Features

Portrait of a legend

Patrick van Rensburg (L) holding his portrait
 
Patrick van Rensburg (L) holding his portrait

To some extent I was right. After all, I’d been at Swaneng Hill School from 1964 to 1969. I had also taken the assignment because I had been first to sit for the Cambridge School Certificate ‘O’ Level art examination in Botswana.

It was an important task and an opportunity of honour. Artists often shy away from portraiture and find it restrictive with little room for the very license we thrive on. I thought of an abstract van Rensburg. I decided that wouldn’t be fair. It has to be a product all of us should have opportunity to comment on and not be shunted into a corner in which they would not be able to comment on it.

I felt very confident because of this and the sort of person I had experienced at Swaneng and whose ideology I had not only experienced it in action but had also embraced and accepted as a standard in my life. The strange aspect of this experience was that  in those years I had just come from South Africa to study and live in Botswana. And South Africa had clear lines of demarcation in racial terms.

As a student, I found him easy to live with and was not aggressive but had authority. The majority of staff members were from abroad and a few South African exiles. Many of my fellow students who were at Swaneng at the time have stated that  it had been the single life changing experience in their lives.

Although I was still quite young, I saw something positive and felt very good about being at Swaneng with other students and teachers from the United Kingdom and the United States. Students at Swaneng learnt among many other skills the ability to build our classrooms if we needed more space.

The portrait of van Rensburg bears the title “PvR”. That is  how his staff referred to him. He was known as “Maraisberg” in Serowe. It was created from a photograph I had taken from Monty Kgosi who was also a student at Swaneng. Monty was interested in photography and carried around those cheap old-fashioned cameras. He took pictures of many of us with our girlfriends. I cannot remember how I got it from him.

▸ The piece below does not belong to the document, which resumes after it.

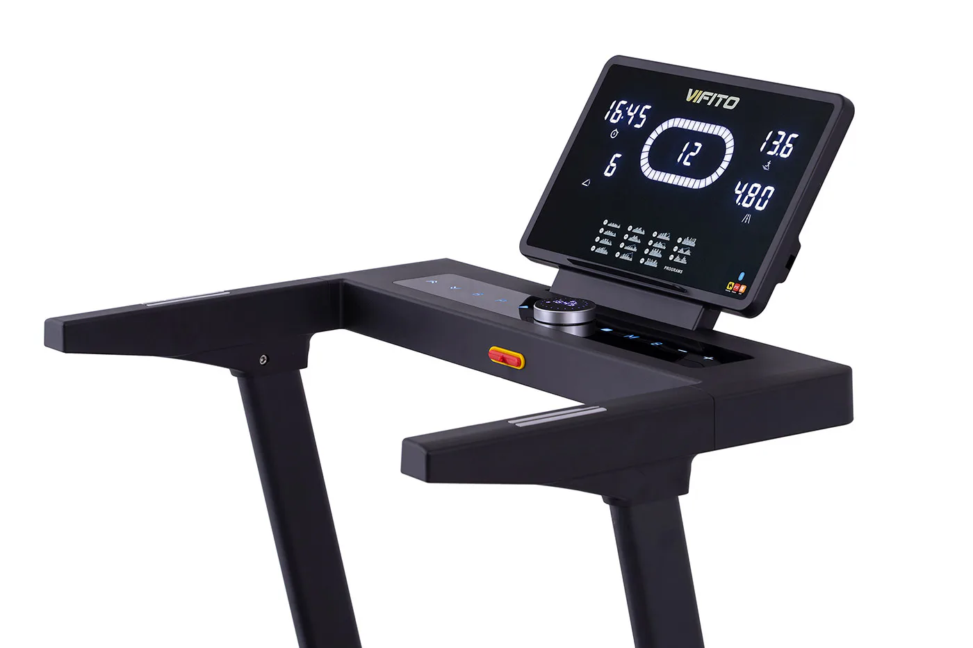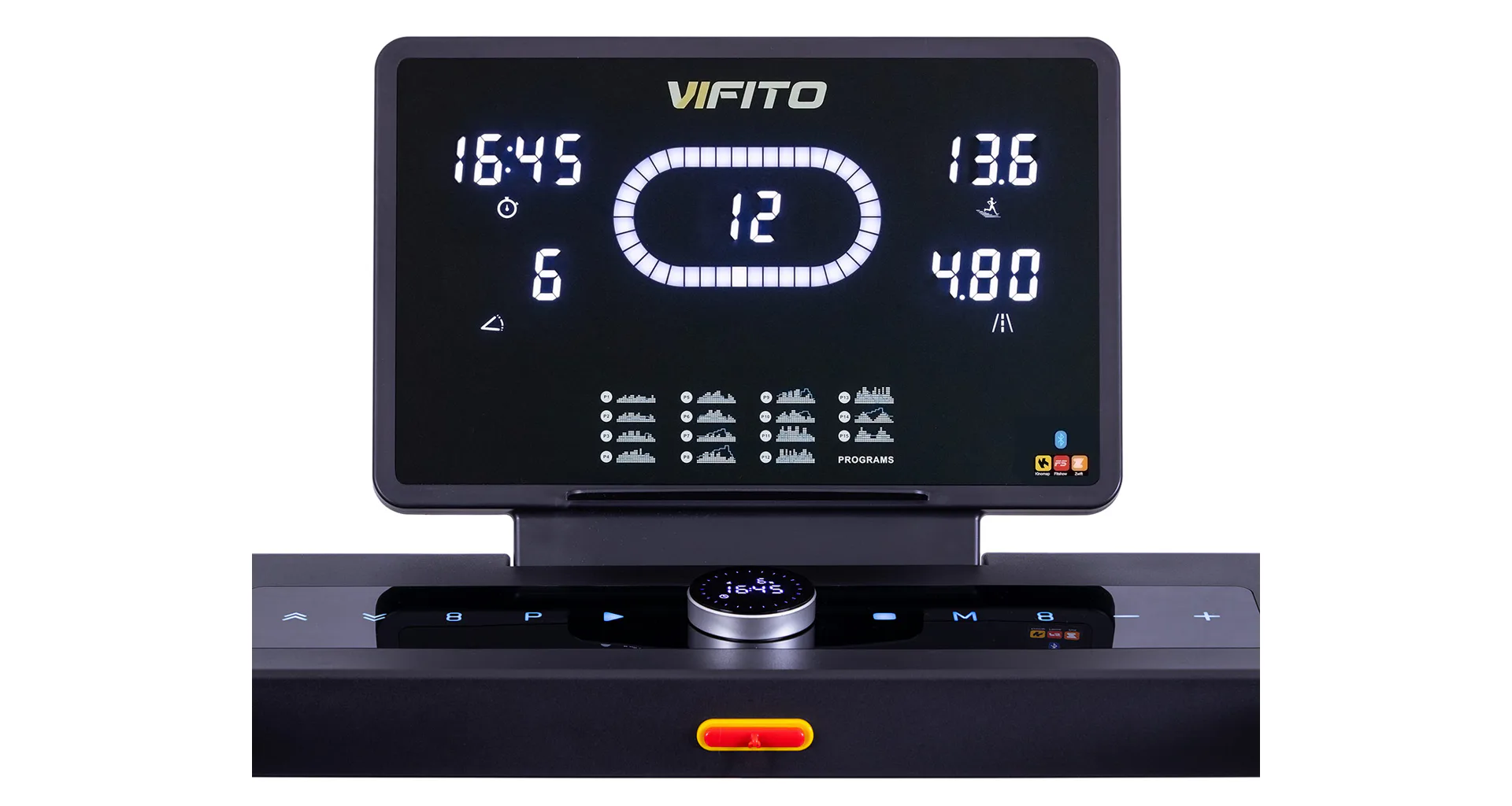 VIFITO Rio 350 iR nabízí přehledný a podsvětlený Multi-LED displej s bohatou programovou nabídkou pro efektivní a zábavný trénink. Umožní vám sledovat váš trénink v reálném čase pomocí dat monitorujících vaši rychlost, čas, vzdálenost, spálené kalorie a srdeční frekvenci. K ovládání také slouží univerzální kolečko pod displejem.

The realisation then hit me that the assignment I had taken was huge. I was to produce a portrait of “Pat” as I first met him, grew up under him and later got to interact with him in Gaborone.

I produced a charcoal drawing of Pat. I chose to produce a charcoal drawing because it’s my medium. So I was very comfortable when I drew it. It could not be a colour drawing because the picture was black and white and it would have taken me much longer.

 I had presented him as an engaging individual who thrived on ideas, tough he looked a bit boisterous though, like someone who knows what needs to be done. My impression of this image of him was re-inforced by the staff members he had assembled at Swaneng. At a time when uniforms were the order of the day in Botswana and indeed the whole of southern Africa, we wore what we wanted, built our own classrooms and importantly, challenged our teachers.

Van Rensburg is now 84-years-old. He would have been in his mid-40’s when the picture was taken. I have now another picture of him. In terms of the image I have created he is not that different. I see him with “older eyes”, but I still know him. He looks like someone who has not accomplished what he really needed.

When you sit down and talk with him, it’s like he has an impatience that stems from thinking that you will not understand what he really wants to get across to you. He is not the same person that I drew. At the time, the plan was still unfolding. One wonders how things would have turned out if his ideas for education with production had been embraced and put to use.